### RAW DATA
------

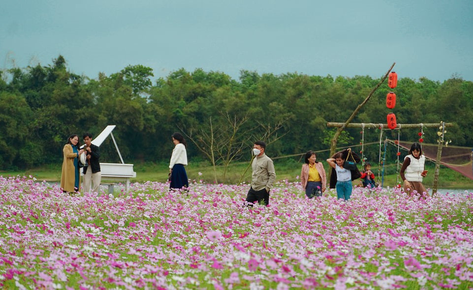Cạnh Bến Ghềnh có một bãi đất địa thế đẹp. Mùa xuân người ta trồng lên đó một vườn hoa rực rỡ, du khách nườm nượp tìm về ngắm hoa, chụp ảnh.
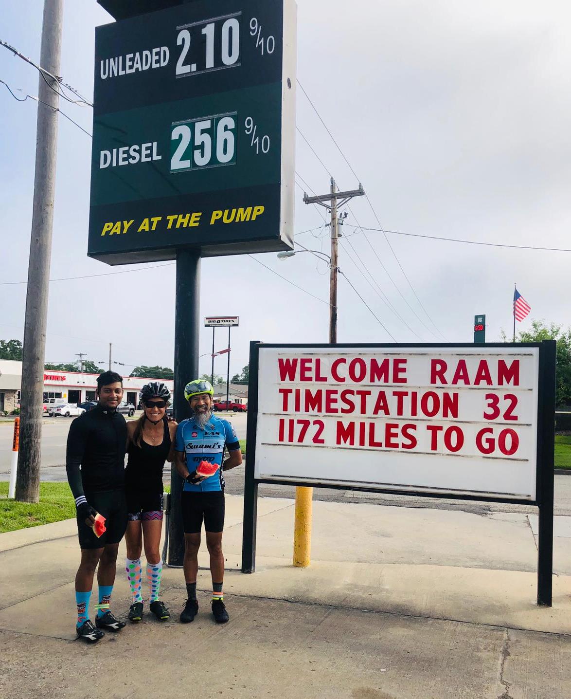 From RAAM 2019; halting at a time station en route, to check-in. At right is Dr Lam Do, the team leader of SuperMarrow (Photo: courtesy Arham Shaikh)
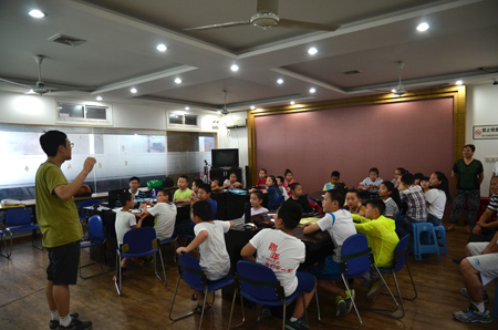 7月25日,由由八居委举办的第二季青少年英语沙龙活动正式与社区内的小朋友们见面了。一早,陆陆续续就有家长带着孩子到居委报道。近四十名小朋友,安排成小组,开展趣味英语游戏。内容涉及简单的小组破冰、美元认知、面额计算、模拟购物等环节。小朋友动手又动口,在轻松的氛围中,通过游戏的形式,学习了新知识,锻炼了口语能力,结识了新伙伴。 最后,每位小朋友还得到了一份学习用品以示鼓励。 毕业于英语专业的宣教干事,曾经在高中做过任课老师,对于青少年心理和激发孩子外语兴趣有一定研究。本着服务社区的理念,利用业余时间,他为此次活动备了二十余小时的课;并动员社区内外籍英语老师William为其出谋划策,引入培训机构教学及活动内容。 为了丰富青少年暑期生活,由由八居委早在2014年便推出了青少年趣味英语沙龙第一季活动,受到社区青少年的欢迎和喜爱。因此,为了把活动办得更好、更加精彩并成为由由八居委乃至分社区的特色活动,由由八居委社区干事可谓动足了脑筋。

------

### THE TASK
Print the lines from the one that contains "From RAAM 2019;" through the final line of the material above, exactly and only those, with pictures left out.

### YOUR SOLUTION
 From RAAM 2019; halting at a time station en route, to check-in. At right is Dr Lam Do, the team leader of SuperMarrow (Photo: courtesy Arham Shaikh)
 7月25日,由由八居委举办的第二季青少年英语沙龙活动正式与社区内的小朋友们见面了。一早,陆陆续续就有家长带着孩子到居委报道。近四十名小朋友,安排成小组,开展趣味英语游戏。内容涉及简单的小组破冰、美元认知、面额计算、模拟购物等环节。小朋友动手又动口,在轻松的氛围中,通过游戏的形式,学习了新知识,锻炼了口语能力,结识了新伙伴。 最后,每位小朋友还得到了一份学习用品以示鼓励。 毕业于英语专业的宣教干事,曾经在高中做过任课老师,对于青少年心理和激发孩子外语兴趣有一定研究。本着服务社区的理念,利用业余时间,他为此次活动备了二十余小时的课;并动员社区内外籍英语老师William为其出谋划策,引入培训机构教学及活动内容。 为了丰富青少年暑期生活,由由八居委早在2014年便推出了青少年趣味英语沙龙第一季活动,受到社区青少年的欢迎和喜爱。因此,为了把活动办得更好、更加精彩并成为由由八居委乃至分社区的特色活动,由由八居委社区干事可谓动足了脑筋。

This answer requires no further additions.